One drawback of the quantizer described above is that its output values, even after normalizing by $\Delta q$, are not integers, although they are countable and finite. Virtually subtracting $1/2$ from the normalized quantized signal makes the signal integer-valued by keeping all the described properties. This simplifies binary representation but the values don't resemble the actual signal anymore.

Another possibility to obtain an integer from a real number is to **truncate** its fractional part (after the decimal point) and thus implement a floor operation
$$
x_{\text{Q},k} = \Delta q\cdot \left\lfloor \frac{x_k}{\Delta q}\right\rfloor. \tag{5}
$$
The quantized values, if normalized by the quantization step size, are represented by integers that are non-symmetrically divided into positive and negative values such that there is one more value below zero than above zero and the zero itself, so the steps are directly aranged corresponding to two's complements where values between $-\frac{S}{2}$ and $\frac{S}{2}-1$ can be represented.

The relation of the quantization error and the input signal is calculated by $$ \begin{align} e_{\text{Q}, k} &= \Delta q\cdot \left\lfloor \frac{x_k}{\Delta q}\right\rfloor - x_k\\ \frac{e_{\text{Q}, k}}{\Delta q} &= \left\lfloor \frac{x_k}{\Delta q}\right\rfloor - \frac{x_k}{\Delta q} \tag{6} \end{align} $$ and can be shown to be $$ -\Delta q \leq e_{\text{Q}, k} \leq 0. \tag{7} $$ To cross-check the validity of the error range, we observe the minimal and maximal output values and relate them to the input range: $$ \begin{align} \text{max}\left\{x_{\text{Q},k}\right\} &= \Delta q \cdot \left(\frac{S}{2} - 1\right) = x_\text{max} - \Delta q\\ \text{min}\left\{x_{\text{Q},k}\right\} &=-\Delta q \cdot \frac{S}{2} = -x_\text{max}. \end{align} $$ This shows that the error magnitude is limited to $\Delta q$ in the entire input signal range.
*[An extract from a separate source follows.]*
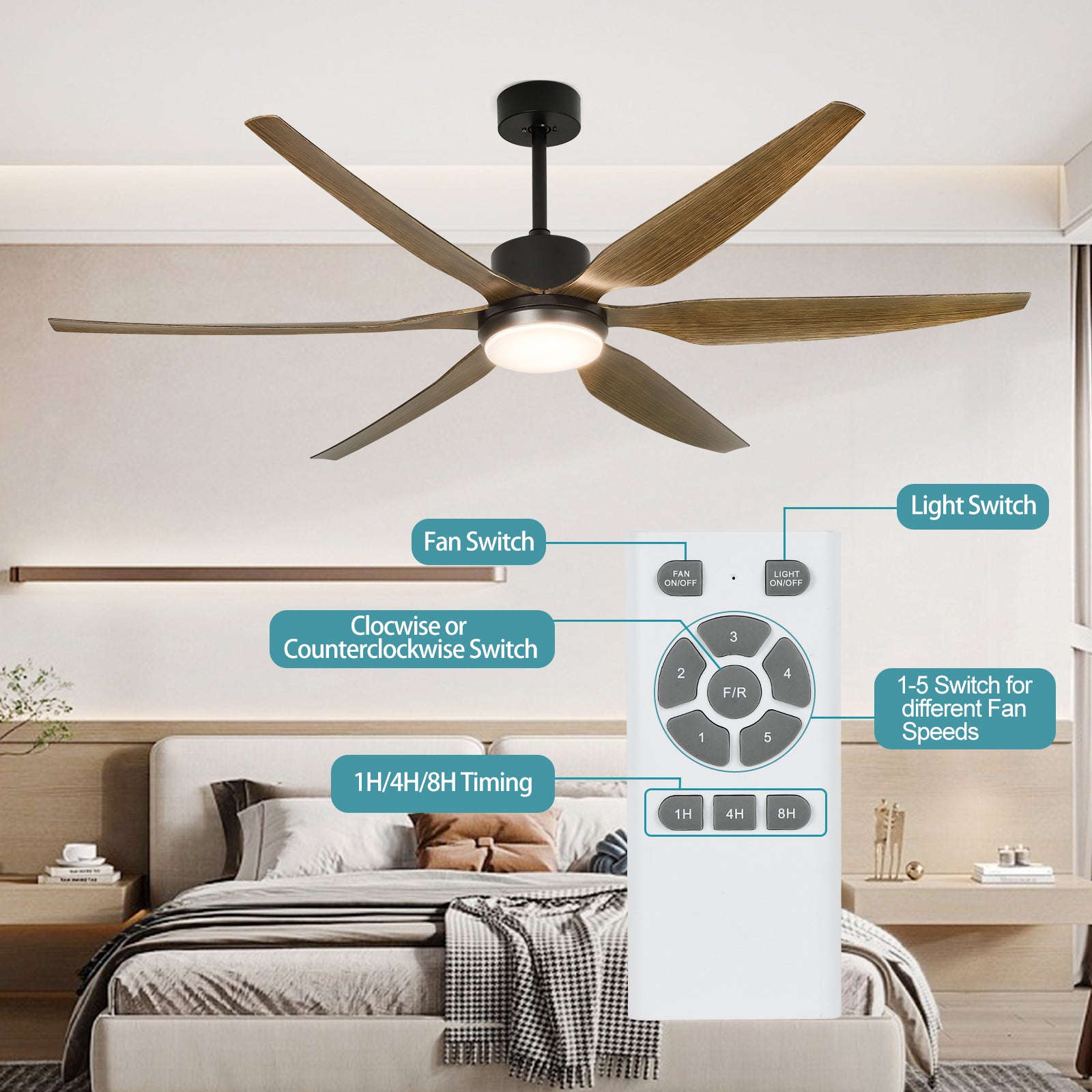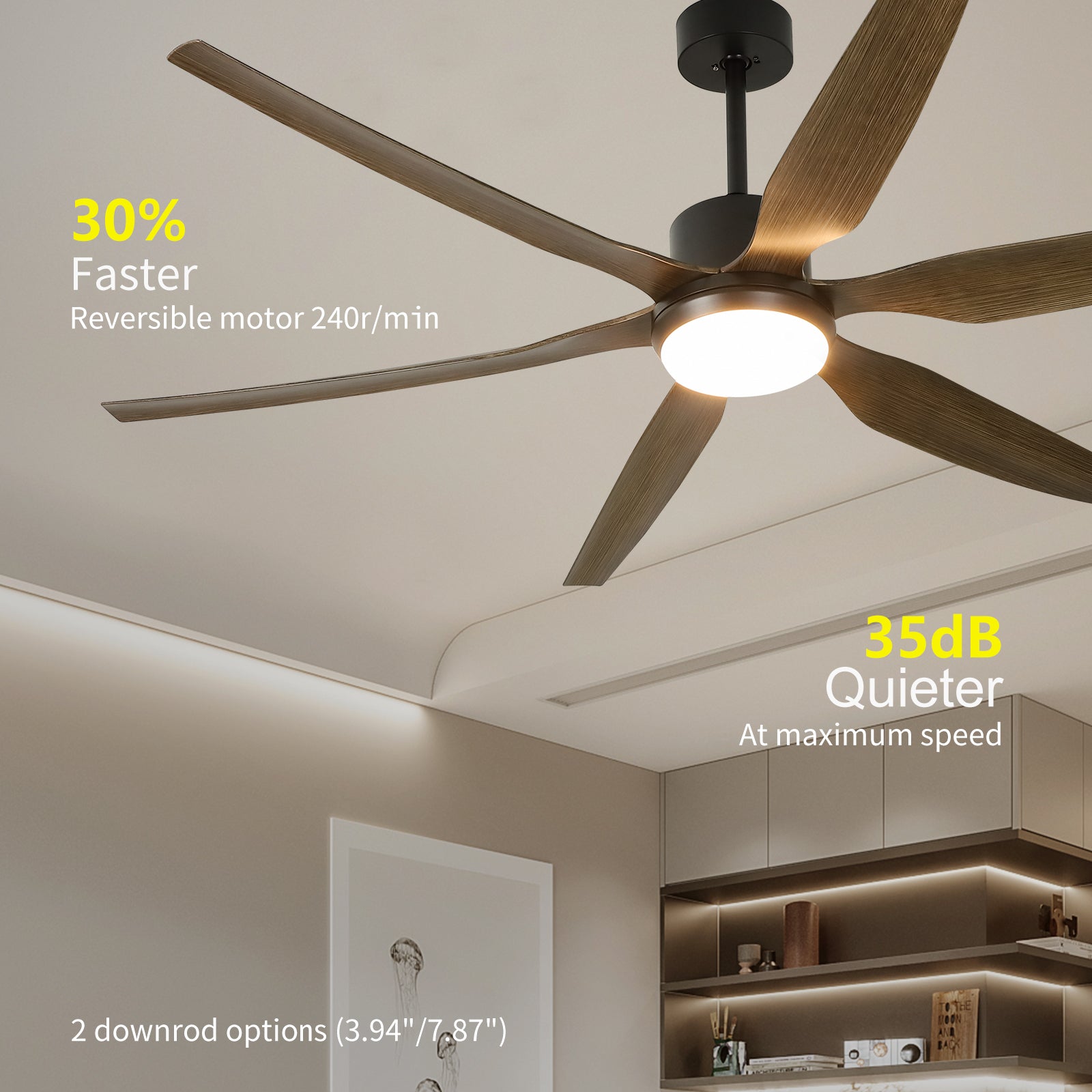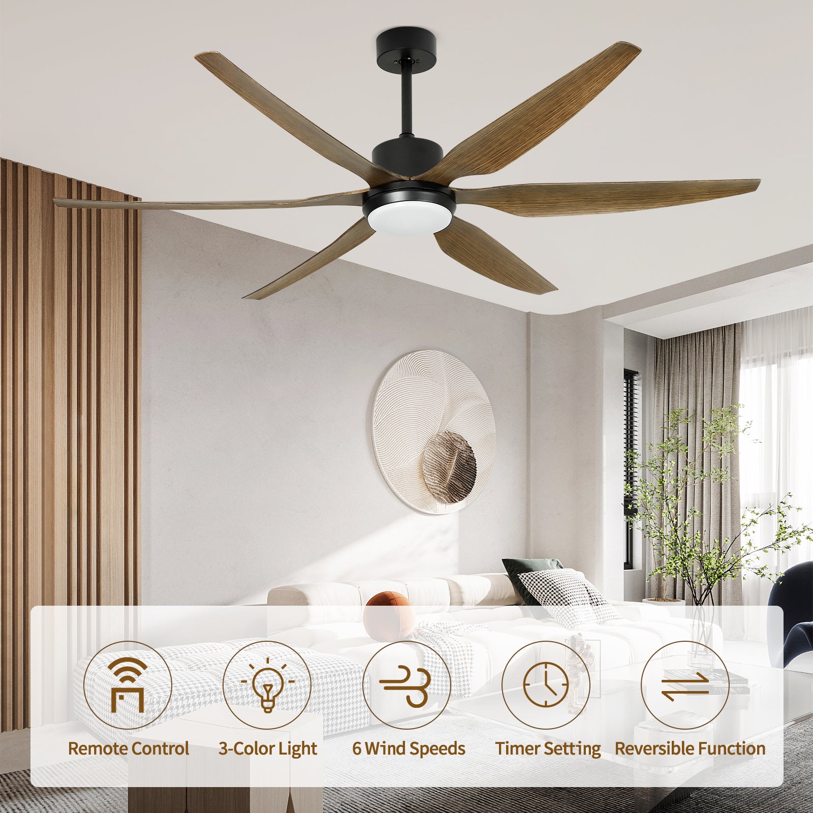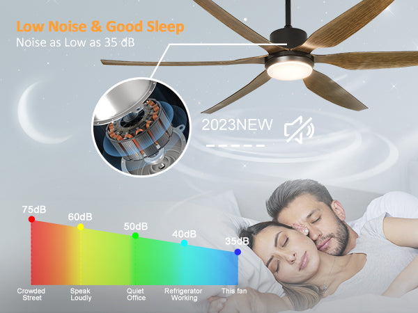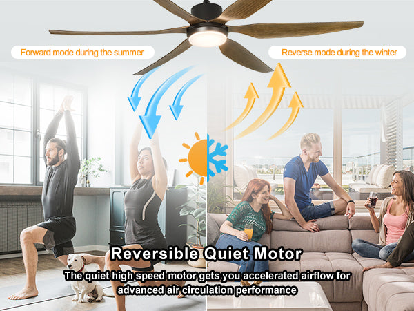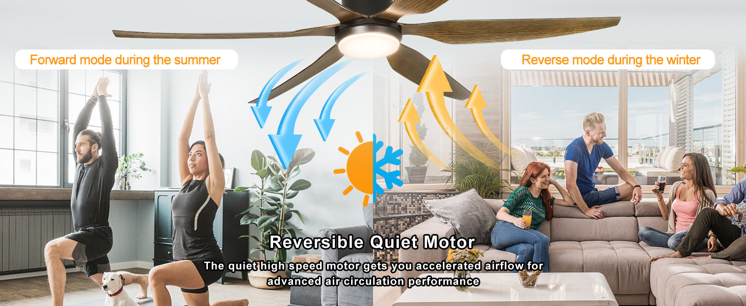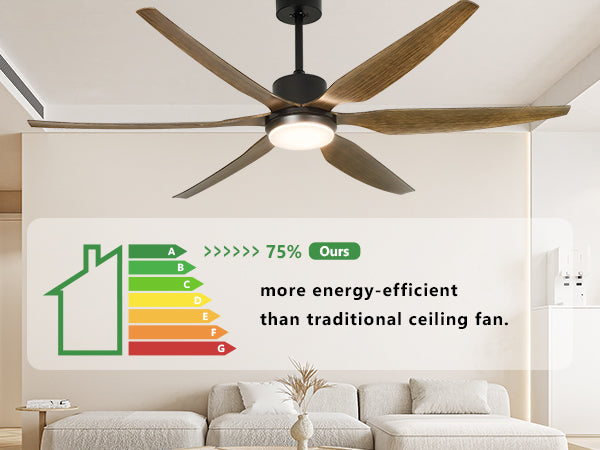 - Käännettävä ja tehokas huonetuuletin: Kiinteät mustat puusyvyiset siivet puhaltavat viileää ilmaa kesällä ja kierrättävät sisäilmaa talvella. DC-moottori on 75 % energiatehokkaampi kuin perinteinen AC-moottori. Se voi tarjota laajan alueen ilmankierron.

Thus, we have simplified the integer representation at the cost of doubling the maximum error magnitude and increasing the quantization noise by roughly 6dB. For having an integer representation and keeping the error magnitude limited to $\frac{\Delta q}{2}$, a mid-tread quantizer with an odd number of steps has to be used. It also has the advantage that zero-valued signals are tranformed to zero-valued output and the noise around zero is not inherently amplified to the magnitude $\Delta q/2$.